▶ _Exercise goal_: The whole listing that follows, pictures excepted, should be printed again exactly as given.

▶ _Source material_:

------------------------------------------------------------------------

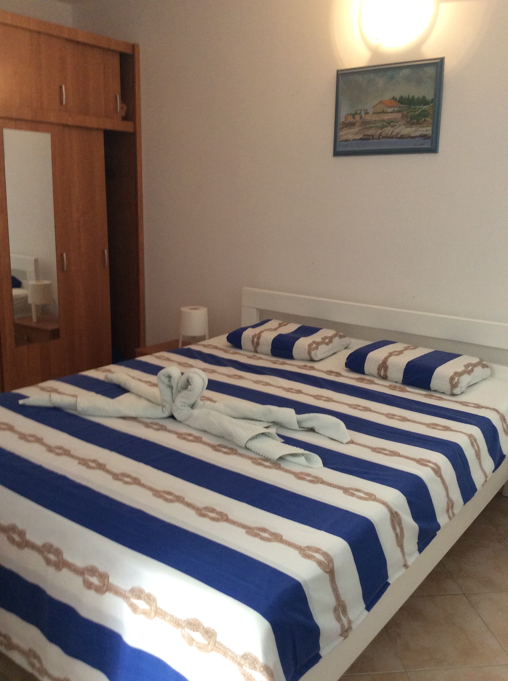 Apartament może przyjąć 6 gości. Łóżka znajdują się w sypialniach, których jest 3, na powierzchni 54m2. Goście mają dostęp do tarasu, by korzystać z ciepłych, letnich wieczorów. Z apartamentu roztacza się widok na morze. Możliwość przygotowywania posiłków poprzez korzystanie ze wspólnego grilla. W kwaterze dozwolony jest pobyt zwierzęcia domowego, za dopłatą. WLICZONE W CENĘ: taksa pobytowa, sprzątanie końcowe, klimatyzacja, parking, internet, łóżeczko dziecięce, żelazko, deska do prasowania, suszarka do włosów. OBOWIĄZKOWE KOSZTY DODATKOWE: dopłata za krótki termin (procent dopłaty w zalezności od liczby noclegów: 30% - 1, 20% - 2, 10% - 3). NIEOBOWIĄZKOWE KOSZTY DODATKOWE: zwierzęta domowe (10,00 € za nocleg), rower (5,00 € za dzień (za sztukę)). Dostępność dodatkowych usług w rezerwowanym terminie oraz ich cenę (jeśli nie jest podana) należy sprawdzić wcześniej. Za dodatowe usługi, które nie zostały uwzględnione w kalkulacji ceny, płaci się bezpośrednio właścicielowi obiektu, pod warunkiem śe gość korzysta z tych usług.
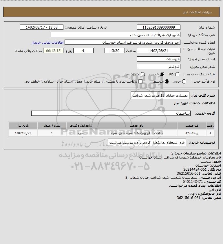 شرح کلی نیاز: بهسازی خیابان 12 متری شهر شرافت
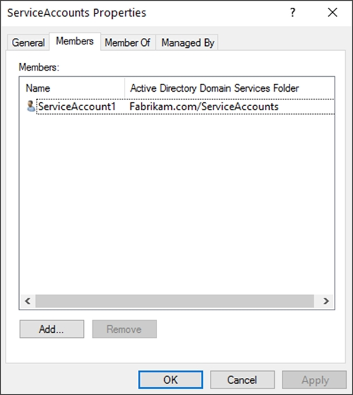 The members of a group named Service Accounts are shown in the Group exhibit. (Click the Group tab.)

------------------------------------------------------------------------

▶ _Result for this task_:
 Apartament może przyjąć 6 gości. Łóżka znajdują się w sypialniach, których jest 3, na powierzchni 54m2. Goście mają dostęp do tarasu, by korzystać z ciepłych, letnich wieczorów. Z apartamentu roztacza się widok na morze. Możliwość przygotowywania posiłków poprzez korzystanie ze wspólnego grilla. W kwaterze dozwolony jest pobyt zwierzęcia domowego, za dopłatą. WLICZONE W CENĘ: taksa pobytowa, sprzątanie końcowe, klimatyzacja, parking, internet, łóżeczko dziecięce, żelazko, deska do prasowania, suszarka do włosów. OBOWIĄZKOWE KOSZTY DODATKOWE: dopłata za krótki termin (procent dopłaty w zalezności od liczby noclegów: 30% - 1, 20% - 2, 10% - 3). NIEOBOWIĄZKOWE KOSZTY DODATKOWE: zwierzęta domowe (10,00 € za nocleg), rower (5,00 € za dzień (za sztukę)). Dostępność dodatkowych usług w rezerwowanym terminie oraz ich cenę (jeśli nie jest podana) należy sprawdzić wcześniej. Za dodatowe usługi, które nie zostały uwzględnione w kalkulacji ceny, płaci się bezpośrednio właścicielowi obiektu, pod warunkiem śe gość korzysta z tych usług.
 شرح کلی نیاز: بهسازی خیابان 12 متری شهر شرافت
 The members of a group named Service Accounts are shown in the Group exhibit. (Click the Group tab.)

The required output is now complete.